» TASK ITEM: Repeat the data exactly. Pictures are not part of the copy.

» DATA:
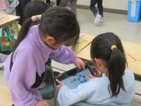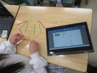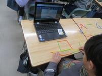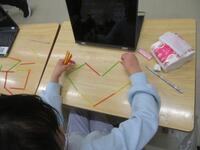 1年生の算数は、一年間の学習の終わりの方まできています。今は図形の学習を進めており、色板や数え棒を使って平面図形の構成や特徴について捉える活動をしています。今日は数え棒で、お手本の形を真似してみたり、自分で考えた形を作りタブレットで撮影したりしていました。タブレットの操作を子ども同士で教え合っていました。
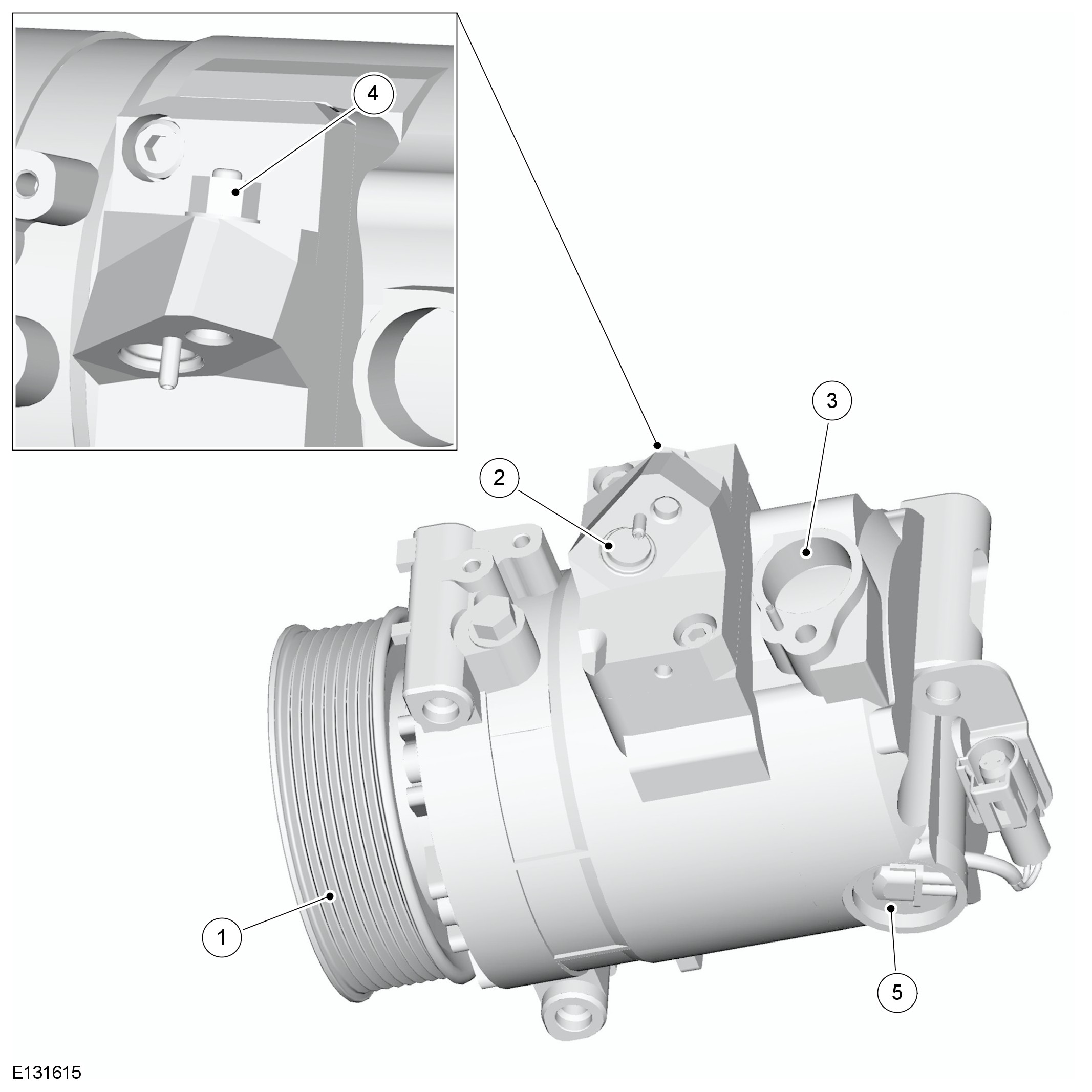 The A/C (air conditioning) compressor circulates refrigerant around the system by compressing low pressure, low temperature vapor from the evaporator and discharging the resultant high pressure, high temperature vapor to the condenser. On 5.0L vehicles, the A/C (air conditioning) compressor is driven directly from the pulley. On 3.0L and 3.6L diesel vehicles the A/C (air conditioning) compressor is driven via an electro-magnetic clutch.
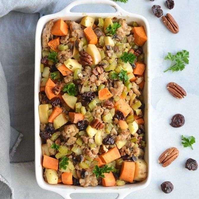 Paleo Thanksgiving Stuffing made grain free with a healthy twist. This holiday dish has the flavor of traditional stuffing without the grains. Easy to make and crowd pleasing! Paleo + Gluten Free + Low Calorie

» EXERCISE SOLUTION:
 1年生の算数は、一年間の学習の終わりの方まできています。今は図形の学習を進めており、色板や数え棒を使って平面図形の構成や特徴について捉える活動をしています。今日は数え棒で、お手本の形を真似してみたり、自分で考えた形を作りタブレットで撮影したりしていました。タブレットの操作を子ども同士で教え合っていました。
 The A/C (air conditioning) compressor circulates refrigerant around the system by compressing low pressure, low temperature vapor from the evaporator and discharging the resultant high pressure, high temperature vapor to the condenser. On 5.0L vehicles, the A/C (air conditioning) compressor is driven directly from the pulley. On 3.0L and 3.6L diesel vehicles the A/C (air conditioning) compressor is driven via an electro-magnetic clutch.
 Paleo Thanksgiving Stuffing made grain free with a healthy twist. This holiday dish has the flavor of traditional stuffing without the grains. Easy to make and crowd pleasing! Paleo + Gluten Free + Low Calorie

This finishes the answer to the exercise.